Half a million years in the future, on a dead, war-ravaged world at the centre of the Galaxy, there is a mile-high statue of Michael Poole.
Poole, born on Earth in the fourth millennium, was one of mankind's most influential heroes. He was not a warrior, not an emperor. He was an engineer, a builder of wormhole transit systems. But Poole's work would ultimately lead to a vast and destructive conflict, a million-year war between humanity and the enigmatic, powerful aliens known as the Xeelee.
The Xeelee won, but at a huge cost. And, defeated in a greater war, the Xeelee eventually fled the universe. Most of them.

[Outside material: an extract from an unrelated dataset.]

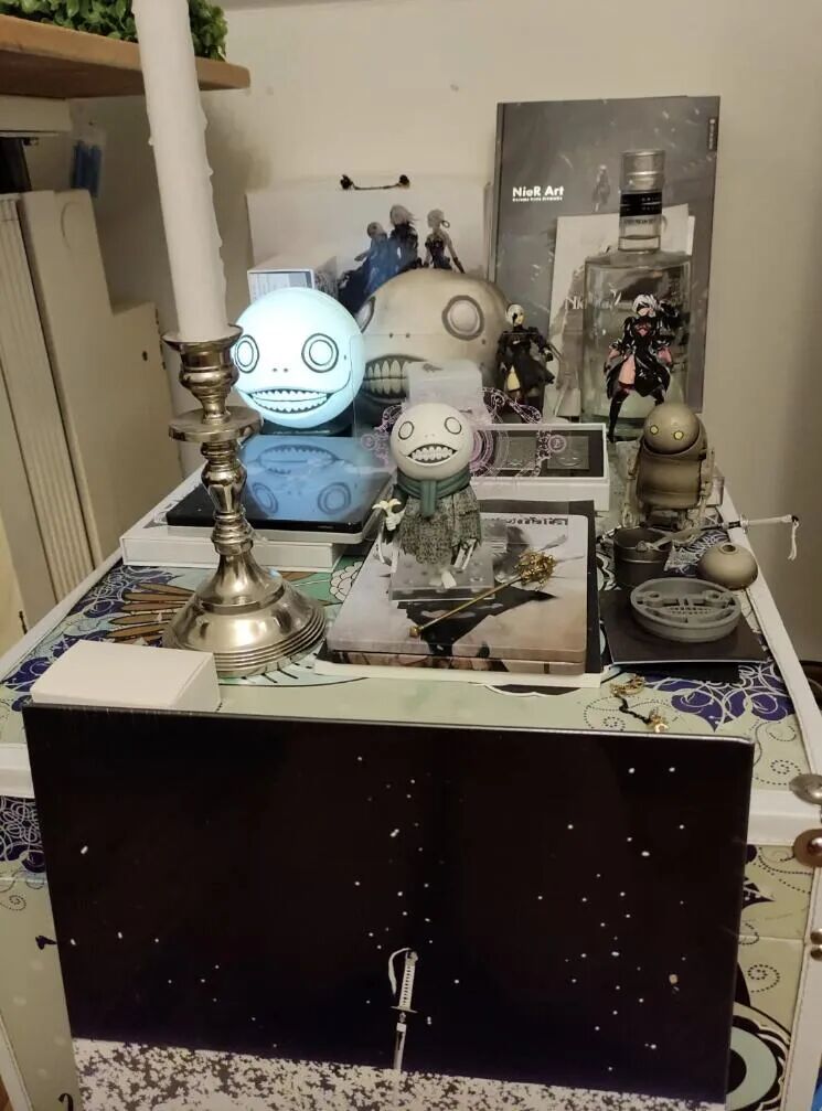 这款游戏不仅在音乐和美术上非常契合她的审美,在情感内核上的表达,也让她非常认同,并深深地鼓舞了她。自此,Ennja才一发不可收拾地迷恋上了这款游戏,开始在家里搭建前文提到过的“《尼尔》神龛”。

A handful were left behind, equipped with time travel capabilities, their task to tidy up: to reorder history more to the Xeelee's liking. That million-year war with humankind was one blemish. It had to be erased. And in order to do that, a lone Xeelee was sent back in time to remove Michael Poole from history . . .

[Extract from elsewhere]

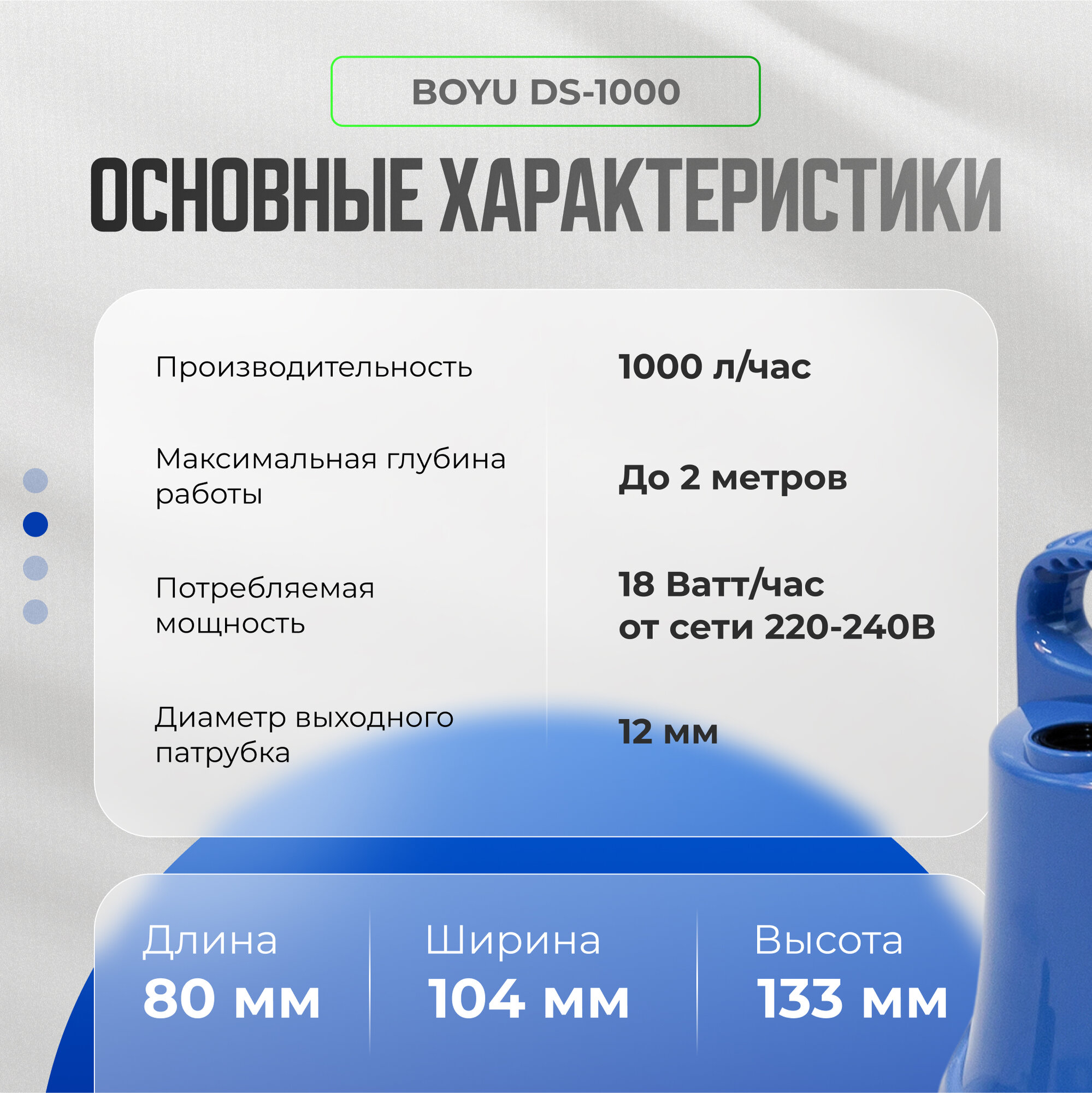 Помпа для воды электрическая BOYU DS-1000 помпа погружная аквариумная. Насос для откачки воды. интересное:

Baxter’s imagination is the greatest in the universe
Once more he brings us to encounters with the greatest artifacts, most mind boggling science and by far and away the greatest aliens in sci-fi. The scale and grandeur of his conceptions are beyond compare and he keeps adding more to the Xelee sequence. Gregory Benford’s Galactic Center series is in a similar vein, and both show how being science trained, makes for great hard sci-fi, just as Dr Asimov, Arthur C Clarke and Robert Forward were.
Bravo, Mr Baxter, your Wheel makes Ringworld look like a toy by comparison, and the Ring,!!! The Xelee make the Q continuum look like ranch amateurs. Hard sci-fi at its pinnacle is what this is.